16-01 트랜스포머(Transformer)

 

 

 

 

https://wikidocs.net/22893 (attention이란?) 

15-01 어텐션 메커니즘 (Attention Mechanism)

seq2seq 모델은 인코더에서 입력 시퀀스를 컨텍스트 벡터라는 하나의 고정된 크기의 벡터 표현으로 압축하고, 디코더는 이 컨텍스트 벡터를 통해서 출력 시퀀스를 만들어냈습니다. 하지만 이러한 RNN에 기반한 seq2seq 모델에는 크게 두 가지 문제가 있습니다.
첫째, 하나의 고정된 크기의 벡터에 모든 정보를 압축하려고 하니까 정보 손실이 발생합니다.
둘째, RNN의 고질적인 문제인 기울기 소실(vanishing gradient) 문제가 존재합니다.

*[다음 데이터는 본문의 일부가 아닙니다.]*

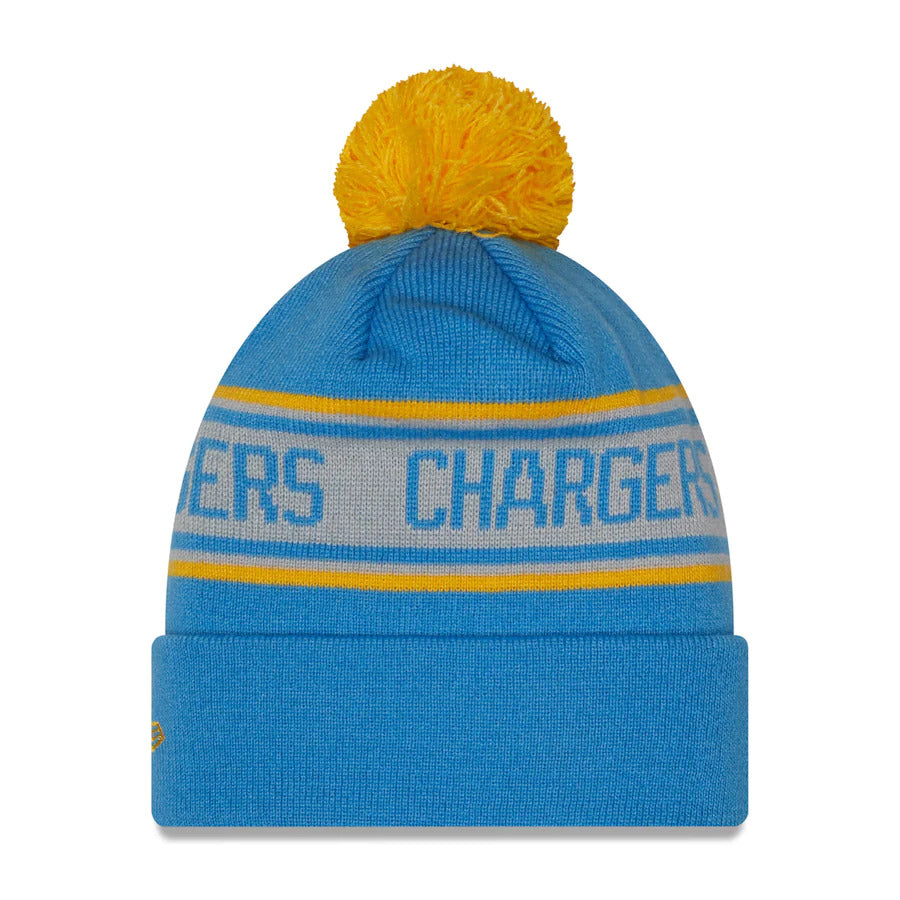 Los Angeles Chargers New Era NFL Cuffed Pom Knit Beanie Hat Sky Blue/White/Yellow Crown/Visor Team Color Logo (Repeat)

결국 이는 기계 번역 분야에서 입력 문장이 길면 번역 품질이 떨어지는 현상으로 나타났습니다. 이를 위한 대안으로 입력 시퀀스가 길어지면 출력 시퀀스의 정확도가 떨어지는 것을 보정해주기 위한 등장한 기법인 어텐션(attention)을 소개합니다. 

 

어텐션의 기본 아이디어는 디코더에서 출력 단어를 예측하는 매 시점(time step)마다, 인코더에서의 전체 입력 문장을 다시 한 번 참고한다는 점입니다. 단, 전체 입력 문장을 전부 다 동일한 비율로 참고하는 것이 아니라, 해당 시점에서 예측해야할 단어와 연관이 있는 입력 단어 부분을 좀 더 집중(attention)해서 보게 됩니다.